**YOUR TASK**
Could you copy out all of the records below exactly, leaving out every picture?

○ ○ ○ ○ ○

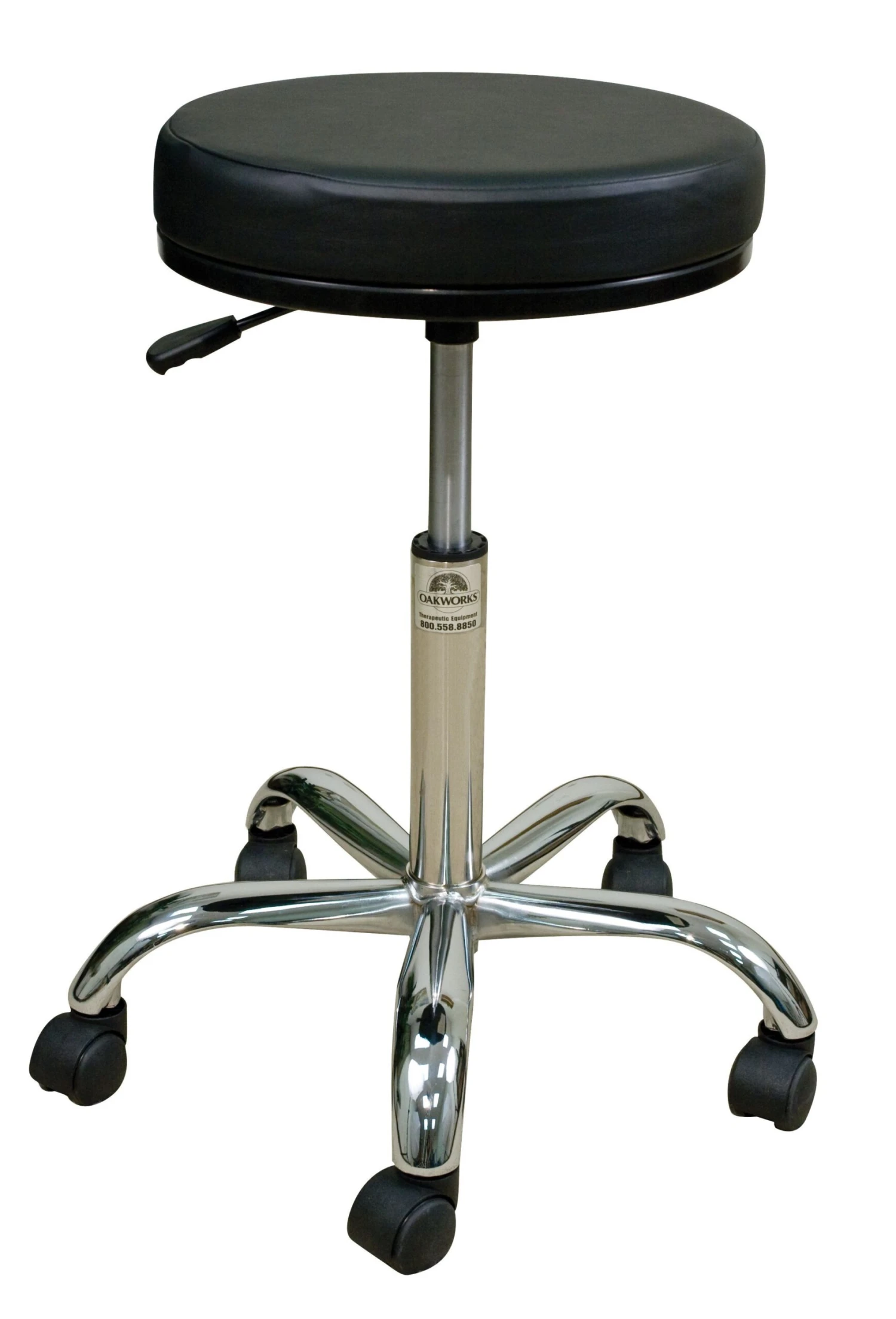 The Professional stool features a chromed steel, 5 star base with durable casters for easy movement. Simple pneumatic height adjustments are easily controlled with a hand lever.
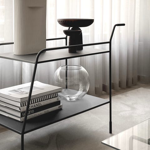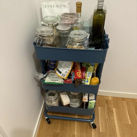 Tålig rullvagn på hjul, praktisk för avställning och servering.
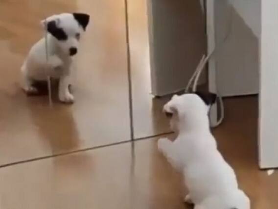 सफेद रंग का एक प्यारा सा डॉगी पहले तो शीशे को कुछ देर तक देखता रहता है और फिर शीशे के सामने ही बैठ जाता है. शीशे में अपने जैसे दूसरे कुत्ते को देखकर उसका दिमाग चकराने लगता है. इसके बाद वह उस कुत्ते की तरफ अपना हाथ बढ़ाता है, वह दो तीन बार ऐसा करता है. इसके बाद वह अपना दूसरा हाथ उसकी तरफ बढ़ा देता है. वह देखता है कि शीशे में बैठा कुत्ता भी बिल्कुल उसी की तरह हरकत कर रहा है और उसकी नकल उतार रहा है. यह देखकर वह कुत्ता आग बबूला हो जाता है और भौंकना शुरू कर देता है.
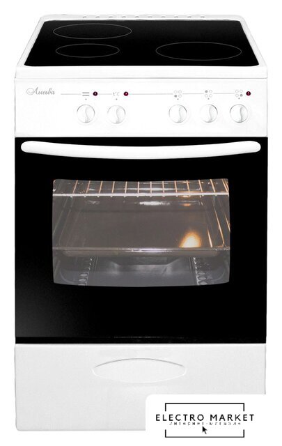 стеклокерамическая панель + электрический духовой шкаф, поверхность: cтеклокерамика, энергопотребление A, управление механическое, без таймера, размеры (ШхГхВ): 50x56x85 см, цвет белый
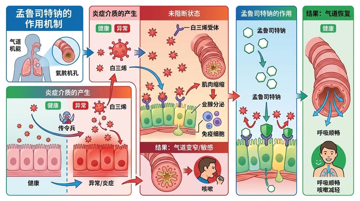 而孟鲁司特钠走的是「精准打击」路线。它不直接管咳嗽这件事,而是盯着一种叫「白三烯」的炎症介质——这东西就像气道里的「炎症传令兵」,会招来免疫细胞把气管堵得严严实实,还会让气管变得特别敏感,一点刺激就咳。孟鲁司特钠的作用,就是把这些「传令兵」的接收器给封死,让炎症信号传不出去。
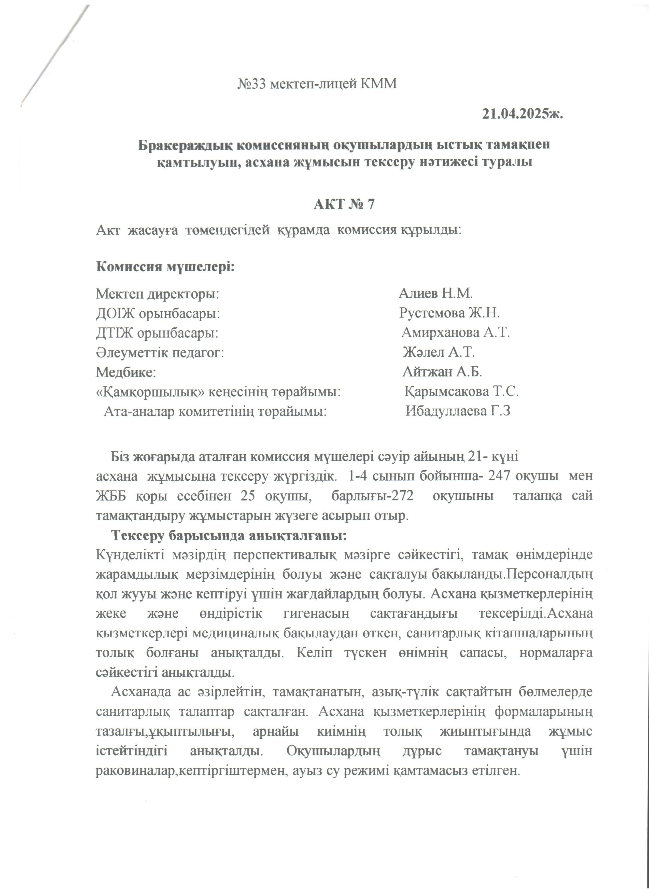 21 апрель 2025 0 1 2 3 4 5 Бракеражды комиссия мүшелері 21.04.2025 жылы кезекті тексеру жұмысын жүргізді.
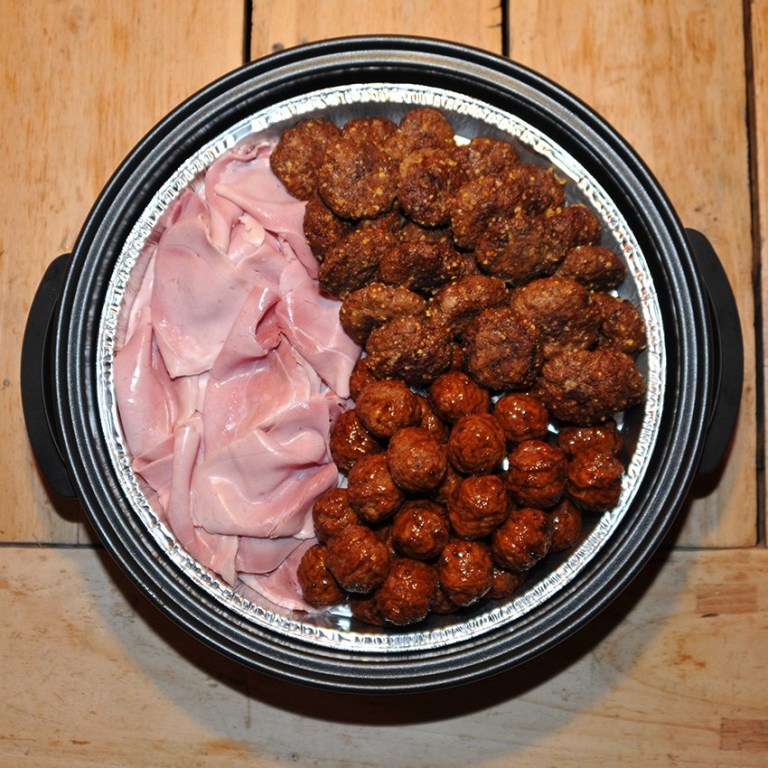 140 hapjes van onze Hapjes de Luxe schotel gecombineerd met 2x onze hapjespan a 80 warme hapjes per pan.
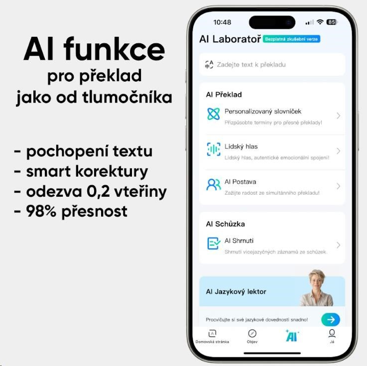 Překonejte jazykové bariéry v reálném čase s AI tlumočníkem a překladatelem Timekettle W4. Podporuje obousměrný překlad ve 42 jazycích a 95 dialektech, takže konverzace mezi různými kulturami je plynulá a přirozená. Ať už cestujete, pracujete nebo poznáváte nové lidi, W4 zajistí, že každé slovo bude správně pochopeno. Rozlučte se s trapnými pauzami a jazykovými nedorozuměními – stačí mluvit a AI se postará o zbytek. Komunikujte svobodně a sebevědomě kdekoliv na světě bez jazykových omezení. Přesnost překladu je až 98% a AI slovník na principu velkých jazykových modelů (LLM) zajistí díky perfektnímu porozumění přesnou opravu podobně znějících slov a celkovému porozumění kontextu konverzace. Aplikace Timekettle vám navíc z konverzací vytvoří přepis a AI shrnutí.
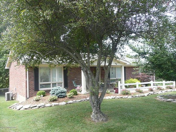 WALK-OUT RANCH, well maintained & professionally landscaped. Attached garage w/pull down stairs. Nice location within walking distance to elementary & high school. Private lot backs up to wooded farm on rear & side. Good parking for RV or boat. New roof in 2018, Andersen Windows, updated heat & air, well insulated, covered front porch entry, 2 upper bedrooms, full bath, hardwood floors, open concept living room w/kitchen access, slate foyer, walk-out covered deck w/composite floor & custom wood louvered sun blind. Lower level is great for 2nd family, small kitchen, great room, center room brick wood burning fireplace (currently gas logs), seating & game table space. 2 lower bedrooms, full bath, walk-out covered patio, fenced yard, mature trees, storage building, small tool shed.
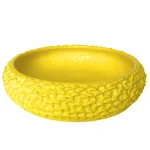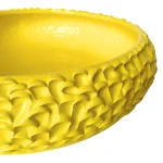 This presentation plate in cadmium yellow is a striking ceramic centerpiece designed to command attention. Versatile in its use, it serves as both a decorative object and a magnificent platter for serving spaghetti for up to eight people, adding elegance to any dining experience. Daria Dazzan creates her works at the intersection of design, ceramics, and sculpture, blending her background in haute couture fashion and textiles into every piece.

○ ○ ○ ○ ○

**SOLUTION**
 The Professional stool features a chromed steel, 5 star base with durable casters for easy movement. Simple pneumatic height adjustments are easily controlled with a hand lever.
 Tålig rullvagn på hjul, praktisk för avställning och servering.
 सफेद रंग का एक प्यारा सा डॉगी पहले तो शीशे को कुछ देर तक देखता रहता है और फिर शीशे के सामने ही बैठ जाता है. शीशे में अपने जैसे दूसरे कुत्ते को देखकर उसका दिमाग चकराने लगता है. इसके बाद वह उस कुत्ते की तरफ अपना हाथ बढ़ाता है, वह दो तीन बार ऐसा करता है. इसके बाद वह अपना दूसरा हाथ उसकी तरफ बढ़ा देता है. वह देखता है कि शीशे में बैठा कुत्ता भी बिल्कुल उसी की तरह हरकत कर रहा है और उसकी नकल उतार रहा है. यह देखकर वह कुत्ता आग बबूला हो जाता है और भौंकना शुरू कर देता है.
 стеклокерамическая панель + электрический духовой шкаф, поверхность: cтеклокерамика, энергопотребление A, управление механическое, без таймера, размеры (ШхГхВ): 50x56x85 см, цвет белый
 而孟鲁司特钠走的是「精准打击」路线。它不直接管咳嗽这件事,而是盯着一种叫「白三烯」的炎症介质——这东西就像气道里的「炎症传令兵」,会招来免疫细胞把气管堵得严严实实,还会让气管变得特别敏感,一点刺激就咳。孟鲁司特钠的作用,就是把这些「传令兵」的接收器给封死,让炎症信号传不出去。
 21 апрель 2025 0 1 2 3 4 5 Бракеражды комиссия мүшелері 21.04.2025 жылы кезекті тексеру жұмысын жүргізді.
 140 hapjes van onze Hapjes de Luxe schotel gecombineerd met 2x onze hapjespan a 80 warme hapjes per pan.
 Překonejte jazykové bariéry v reálném čase s AI tlumočníkem a překladatelem Timekettle W4. Podporuje obousměrný překlad ve 42 jazycích a 95 dialektech, takže konverzace mezi různými kulturami je plynulá a přirozená. Ať už cestujete, pracujete nebo poznáváte nové lidi, W4 zajistí, že každé slovo bude správně pochopeno. Rozlučte se s trapnými pauzami a jazykovými nedorozuměními – stačí mluvit a AI se postará o zbytek. Komunikujte svobodně a sebevědomě kdekoliv na světě bez jazykových omezení. Přesnost překladu je až 98% a AI slovník na principu velkých jazykových modelů (LLM) zajistí díky perfektnímu porozumění přesnou opravu podobně znějících slov a celkovému porozumění kontextu konverzace. Aplikace Timekettle vám navíc z konverzací vytvoří přepis a AI shrnutí.
 WALK-OUT RANCH, well maintained & professionally landscaped. Attached garage w/pull down stairs. Nice location within walking distance to elementary & high school. Private lot backs up to wooded farm on rear & side. Good parking for RV or boat. New roof in 2018, Andersen Windows, updated heat & air, well insulated, covered front porch entry, 2 upper bedrooms, full bath, hardwood floors, open concept living room w/kitchen access, slate foyer, walk-out covered deck w/composite floor & custom wood louvered sun blind. Lower level is great for 2nd family, small kitchen, great room, center room brick wood burning fireplace (currently gas logs), seating & game table space. 2 lower bedrooms, full bath, walk-out covered patio, fenced yard, mature trees, storage building, small tool shed.
 This presentation plate in cadmium yellow is a striking ceramic centerpiece designed to command attention. Versatile in its use, it serves as both a decorative object and a magnificent platter for serving spaghetti for up to eight people, adding elegance to any dining experience. Daria Dazzan creates her works at the intersection of design, ceramics, and sculpture, blending her background in haute couture fashion and textiles into every piece.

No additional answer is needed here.